One man with a dream, yeah. One man with a demented dream. I think he was slightly, maybe you could
call him a little bit decadent or something. He kind of, I think he set a certain precedent at his
temperament. But yeah, he was more just a kind of enlightenment intellectual who just, yeah,
Had a weird dream that really stuck with him.
So how did the public react to this text?
It was a huge hit.
Like, do you have any kind of like records of, you know,
was it like the exorcist where people were fainting after they'd read it?

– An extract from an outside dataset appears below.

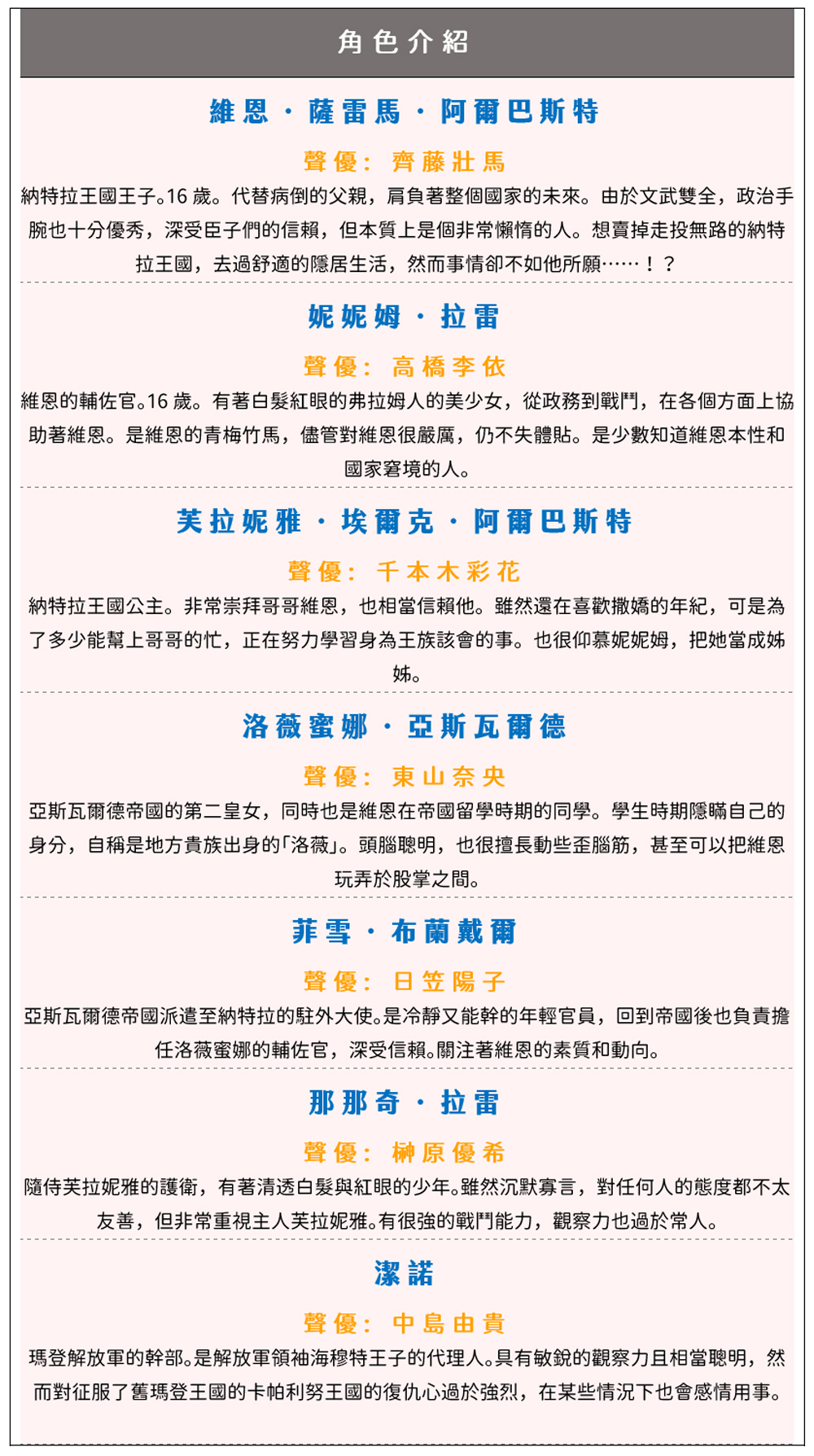 人氣聲優陣容集結,曾演出《憂國的莫里亞蒂》中天才莫里亞蒂教授的齊藤壯馬再次擔綱天才王子,不料卻處處弄巧成拙!曾飾演《Re:從零開始的異世界生活》銀髮精靈愛蜜莉雅的高橋李依,這次再度成為銀髮女神妮妮姆輔佐官,共同獻上幽默的互動演出,讓新的一年開場就有好心情。

Or was it like, was it like scandalous?
Or was it like, how was it received?
The big thing was that with the first edition, he claimed that he just found the manuscript
and translated it.
He's like, oh, this is not mine.
I just was researching it.
That's like the Blair Witch.
Exactly.
Yes.
That's, oh, that's so clever.
Based on a true story.
Yes.
Sound footage, isn't it? Yes.
But then he later admitted that it was a kind of experiment.
And I think people were a bit like, you know, all the literary critics had been shown up
and were a bit embarrassed that they'd fallen for it.
And I think the kind of slight trashiness of the Gothic was born with that admission.
So it was a bit of a hoax.
Yeah, exactly.
There were loads of literary hoaxes back then, weren't there?
Everyone was doing them.
The scallywag. I did know that.
All right, so that must have pissed a few people off.
How did people read this text?
Did people read it and go, well, that was lovely?
Or was there like a big, were people angry about it?
Were they upset about it?
Was it a mixture?
I got to be honest, I'm not really sure.
From everything I know, it seemed almost to be a relief to the people who liked it.
I'm not sure in terms of...
It becomes a bit like an addiction, though, doesn't it?
Because you get like Jane Austen's Northanger Abbey,
where the, you know, the protagonist reads too many Gothic novels
and starts to get in life as a Gothic novel.
So I suppose it became a sort of trope that young women in particular would just be reading
Gothic novel after a gothic novel,
and it would become this kind of thinking you were living.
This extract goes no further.